U.K. box office: gone to the dogs with ‘Marley & Me’

The cute-puppy movie proves it doesn’t need a holiday weekend to win:

1. Marley & Me: £4.4 million (NEW)
2. Watchmen: £1.4 million (2nd week; drops 57%)
3. Gran Torino: £.82 million (4th week; drops 33%)
4. Slumdog Millionaire: £.76 million
5. The Young Victoria: £.63 million (2nd week; drops 38%)

(actual numbers, not estimates)
Watchmen’s drop over its second weekend in the U.K. wasn’t quite as steep as its drop in North America, but it wasn’t anything to cheer about, either. But Marley & Me opened even stronger than it did in the U.S., where it was able to take advantage of Christmas weekend — the movie enjoyed no such benefit this past weekend in the U.K. Perhaps we have in this flick the blueprint for the can’t-miss feel-good movie of the Great Recession.

(That £4.4 million number for Marley includes, by the way, the £.87 million the movie took in during Wednesday and Thursday previews.

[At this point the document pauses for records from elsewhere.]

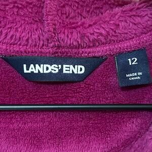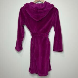 Lands' End Kids Purple Plush Fleece Bathrobe Size 12 Hood Attached Belt Robe
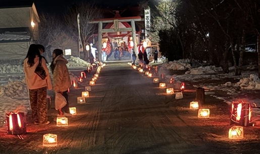 今年は少し出遅れて1時近くになってしまいましたが、縁起よいとされるお賽銭金額で 「今年もよろしくお願いいたします。」 とお参りしました。、既に人気も少なく、お餅がもらえないと思っていましたが、たくさん頂きました。神社鳥居まで続く参道には西庶路在住の石井さん作成のスウェーデントーチと、庶路学園の生徒さんが作成したアイスキャンドルが綺麗でした。今年はいつもより綺麗だねと話しながら参道を楽しんで帰宅しました。雪も降らなくて、穏やかな日で良かったです。毎年、準備をして下さる方々、ありがとうございます。新年そうそう篝火で癒されました。
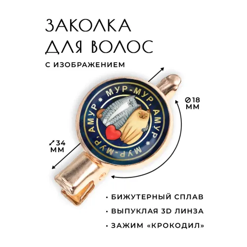 Заколка Мур-мур — это стильный аксессуар, который добавляет изысканности любому образу. Изготовленная из бижутерного сплава с покрытием под розовое золото, она сочетает в себе прочность и элегантность. Крокодиловидный зажим обеспечивает надежное удержание волос, а размер заколки 34х20х15 см делает её удобной для повседневного использования.
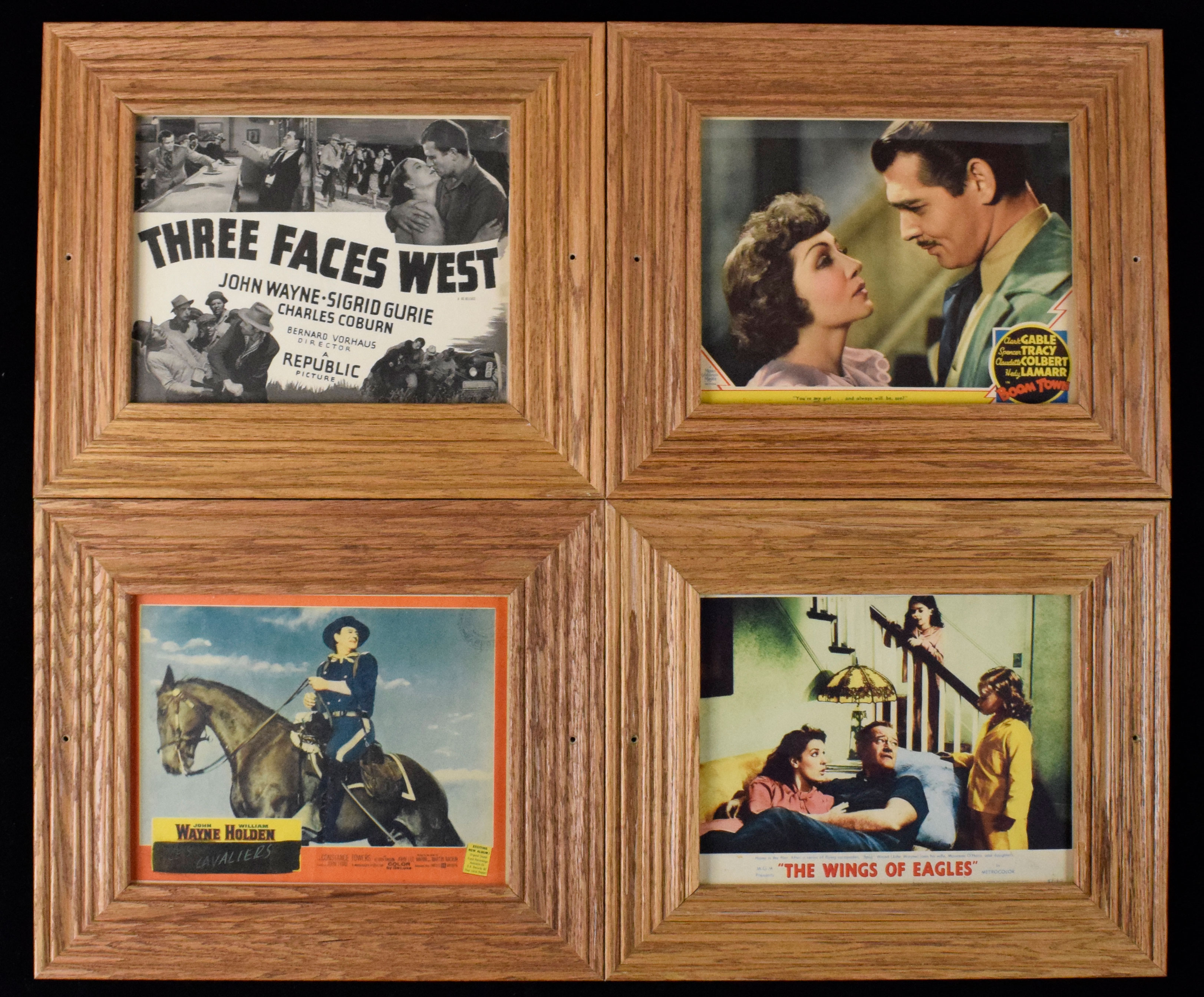 Description:Lot of (5) framed movie lobby cards (VG-NM). Frames measure approx. 16.5"x19.5". Includes 1940 "Boom Town", 1940 "Three Faces West" (tear visible at top right corner), 1957 "The Wings Of Eagles", 1959 "Les Cavaliers" Spanish version of "The Horse Soldiers", and 1963 "Dovovan's Reef". Due to framing, complete conditions are unknown, but most appear to average EX/MT overall. Range: VG-NM appearance
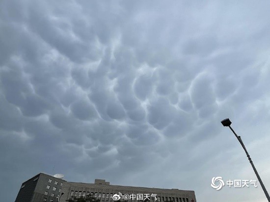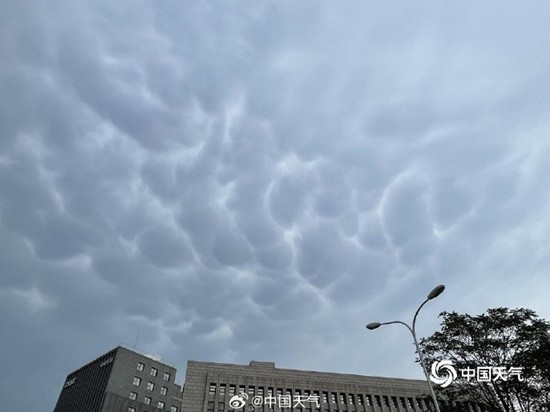 据中国天气报道,6月10日午后,雷雨云团影响北京,北四环附近天空出现乳状云。

I find it interesting that in North America, only geek-aimed blockbusters get Thursday previews, and then typically only midnight shows — everything else that’s previewed here gets Saturday-night previews the weekend before the official opening. Are people more likely to go out to the movies on a weekend in the U.K. than in the U.S.?)

Unusual for the British box office, at least as long as I’ve been watching it, is that this week, boffo per-screen averages were earned by a few films not in wide release. In the City of Sylvia, a Spanish film that apparently came and went from NYC arthouses in December without crossing my radar, took in £5,788 from each of its two screens, second only to Marley’s £9,452 at 467 cinemas. A distant third was another indie, the Australian film Not Quite Hollywood, which earned £3,921 on its single screen. Then it’s back to Watchmen, with £3,334 at each of its 420 locations, but then back to the homegrown British arthouse flick Bronson (about a notorious criminal named Charles, not the Hollywood actor of the same name), with £3,040 at each of 85 cinemas.

The box office took a dive in the U.S. this past weekend, compared to how it had been performing since the beginning of the year, but the British box office held strong, with overall business up 51 percent over the last weekend last year. Thank Marley for that, I guess.